Zdenek explained that Czechs saw the movies, yes – but they HEARD the music carried by Armed Forces Network radio broadcasts from Munich, and it all mixed together, images and sounds. (this sort of mixing of Cowboy and Hillbilly is addressed in Peterson’s Creating Country Music, if anyone is interested) They liked the songs, and didn’t know to distinguish them based on genre – they were all just known as “country.” The Tucny DVD shows western wear as an important style featured continuously from the 60s to the 90s…..the hats, boots, and themes, imaginative tropes, vocabulary, images.
Czechs seem to have a different genre distinction framework…or way of dealing with genre. Parallel US reception/production of bluegrass dealth with “the western,” but wasn’t as suffused with it–and has come to mark “country” and “bluegrass” as related but very different. I guess this has to make sense; Czechs at mid-20th-century were engaged in a very different cultural political stage, one in which rock and roll was taking over through the 1950s, yes, but there were so many other things going on as well – Stalinist purges seem a bit different in scale than the Red Scares of McCarthyism–though they seem related.
I’m not sure exactly how the “acoustic instrument” and related traditionalist/purist rhetorics operated in the early years of Czech Americanism. They seem to have been there in Monroe’s work and life and in other situations (early festivals, connections to Appalachia and upland southern purity–see Rosenberg’s writing on the premature memorialization of Bill Monroe…by Bill Monroe.)
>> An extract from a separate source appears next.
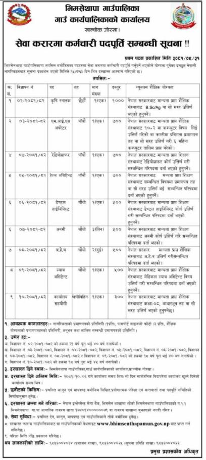 कर्मचारी पदपूर्तिको सम्क्षिप्त सूचि तथा परिक्षा संचालन सम्बन्धी सूचना।

It seems clear that Czechs were operating in a situation where (American) identity-laden genre distinctions (as in “race records” and high/low bracketing) were less important than the performative value of the music – that it was American, and that it fit existing performative models, musical aptitudes, etc. But this is not the sort of thing that Zdenek was talking about. Seems like he was getting at something simpler: the music simply WORKED.